MS 145 was designated as the old routing of US 45 through Corinth in 1998.

MS 145 begins just south of town at an intersection with US 45. It heads northeast to enter the city limits along Tate Street to pass through some industrial areas to have an intersection with US 72 before passing through a business district and crossing a railroad track to enter downtown. The highway then turns north along Fillmore Street, at an intersection with MS 785, and crosses another railroad track to continue north through downtown and pass through neighborhoods. MS 145 then makes a left turn onto Main Street for a short distance before turning right onto Polk Street.
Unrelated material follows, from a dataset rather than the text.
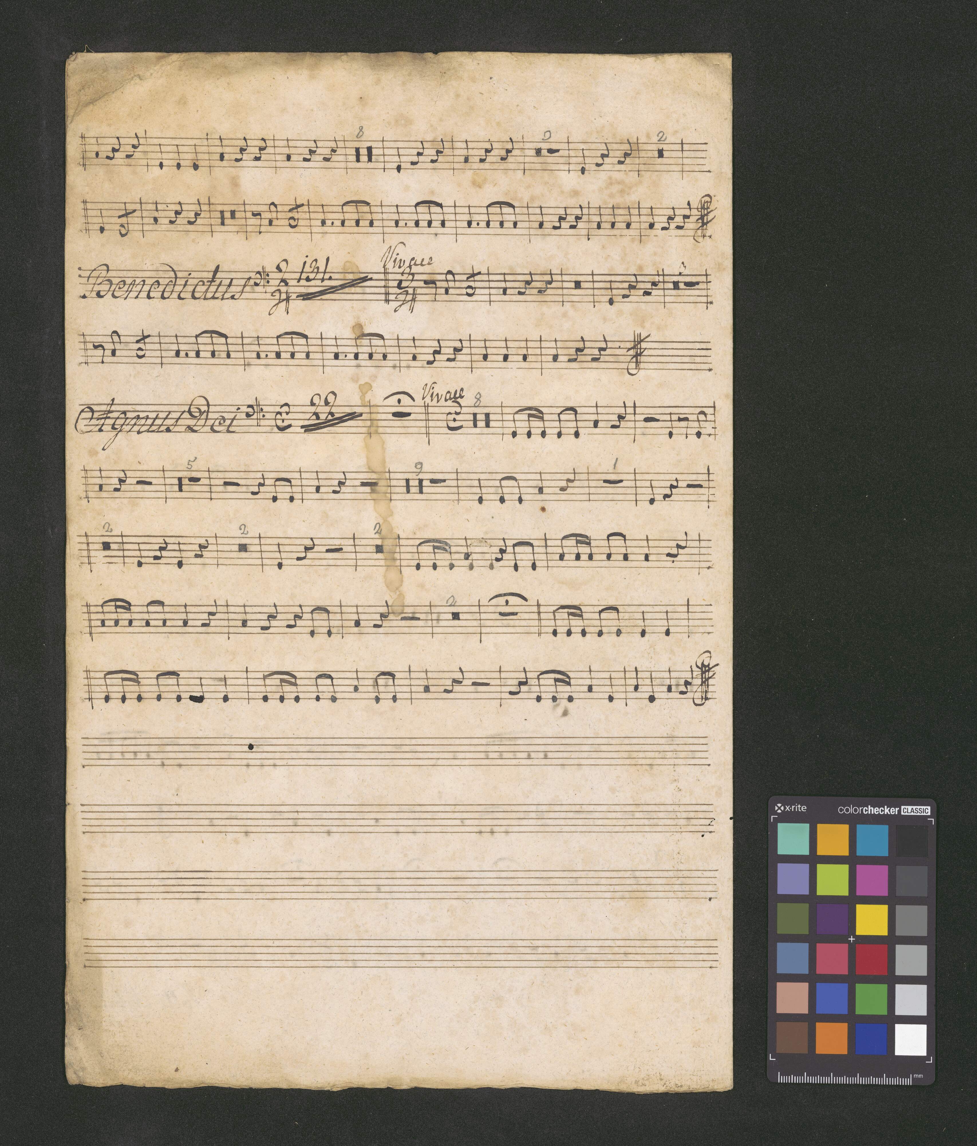 Messa 7|m|a |a 4 voix | avec acompagnement a 2 violons | Viola, Basse, 2 Hautbois, Basson | 2 Trompettes, Timbales et Orgue | composeee | par | Joseph Haydn. zwana Msza [illegible] | No. VII |scripta D. Maji 1826

It continues north through neighborhoods for several miles before passing through rural areas, where it has an intersection with MS 2. The highway continues north through rural areas before coming to the Tennessee state line, where the road continues north into Guys, TN as Old US Highway 45 S. The entire route of MS 145 is a two-lane highway. The portion of the road north of its southern terminus and north of downtown Corinth is not maintained by the state.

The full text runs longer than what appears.